- [Announcer] We are Sorted, a group of mates from London, exploring the newest and
best in the world of food, whilst trying to have a
few laughs along the way. (splash) (laughing) We've got chefs, we've got normals, (beep) and a whole world of
stuff for you to explore, but everything we do, starts with you. (upbeat music) - Hello, welcome to fridge cam. My names Ben and this is Jamie. - Now, usually, you know
the score with these, Mike buys a load of tut off the internet and gets us to review it. But what happens if you
spend more money on the tut? (intense music) - Jamie are you ready
for some quality gadge? - These have been bought from
a well known UK cooking store, not just off of Amazon. - Oh. - So we'll see if that makes
any difference, whatsoever. - [Jamie] Okay.
- We've put some effort in. (clang) (gasp) - Fantastic. This looks dangerous. - Can I just say one thing
before you get too hands-on? (yells) Handle with care. - (laughing) Oh! - Handle with care. - Oh, wow. Okay. - I think I know what it is. (snap) - Shooooo! This looks like I'm gonna put something in there, and whilst I turn it, that is going to peel it. - This is the Betty Bossy
Veggie Sheet Slicer. "Courgettes, potatoes, beet root, carrot, all of those lovely raw
vegetables can be transformed into flat sheets that can be used to reinvent your favorite dishes. Almost impossible to do by hand." - No, you have to use a knife. I think if you try to use your hand, It will actually be really hard. (laughing) (upbeat techno music) (snap) (pop) - Buhhh. - [Barry] See, instantly, if
you have a bendy bit of edge, it doesn't work very well. Have you ever needed courgette sheets? - No, but I understand how people would, because they wanna make
a courgette lasagna. - Okay, we're in.
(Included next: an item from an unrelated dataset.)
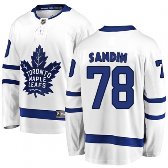 Men's Toronto Maple Leafs #78 Rasmus Sandin Authentic White Away Fanatics Branded Breakaway NHL Jersey
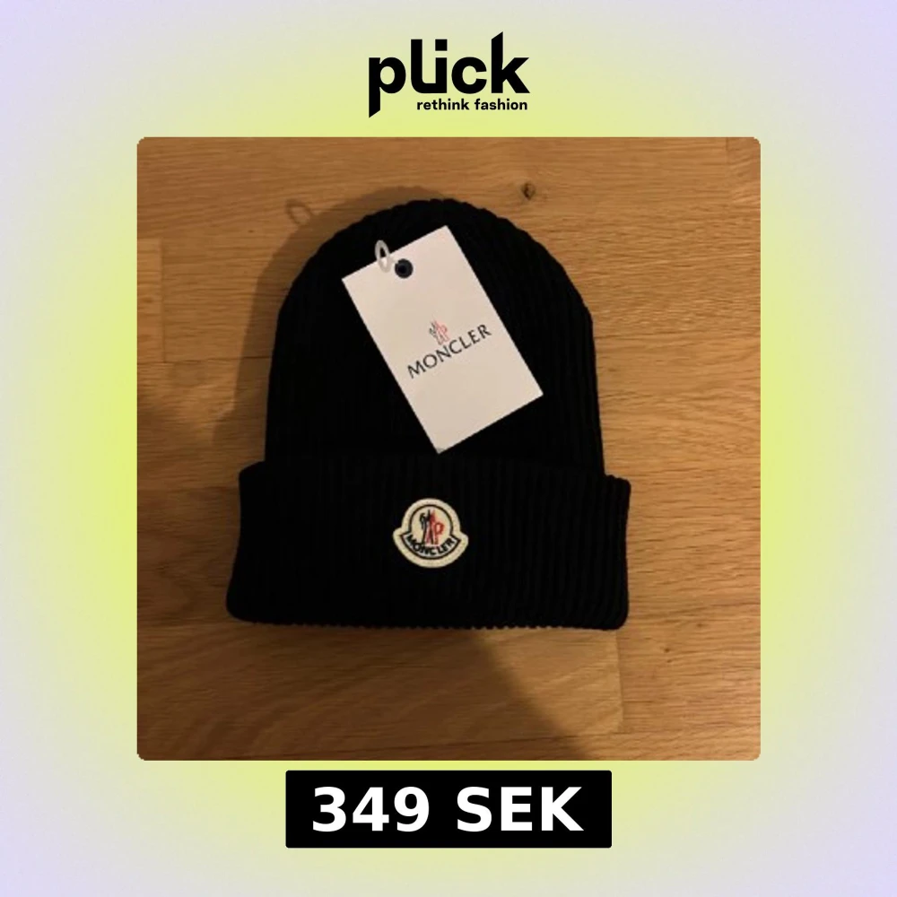 Snygg svart ribbad mössa från Moncler med broderad logotyp framtill. Perfekt för att hålla värmen under kyliga dagar. Stilren design som passar till det mesta. Helt ny och skickas samma dag.

Oh. (laughing) We got in, then we finished. (laughing) You'd definitely struggle
to do that on your own, although, it's possible. - I mean, let's be honest, this is probably focused at marketing towards the people who
are trying to cut down on carbohydrates. I feel like I'd have to
chop a butternut squash within an inch of its life, just to get the sheets out of it. - It's all right. I'm not thrilled by it. It kind of does the job. Kind of, mostly. - The actual gadget itself scares the absolute (beep) out of me, (laughing) But the fact that you presented it to me, and you already have a
bandage on your thumb, is not a great start.
- Yeah, I could read the instructions briefly. - It's like a mousetrap. - How much jerk it is? - Thirty pounds. - Fifteen pounds? - It's 39.99. - It's what? - That's too expensive. (laughing) - Forty pounds! That is a very expensive
way to lose a thumb. (funky techno music) - Done? Lift it. - Yeah?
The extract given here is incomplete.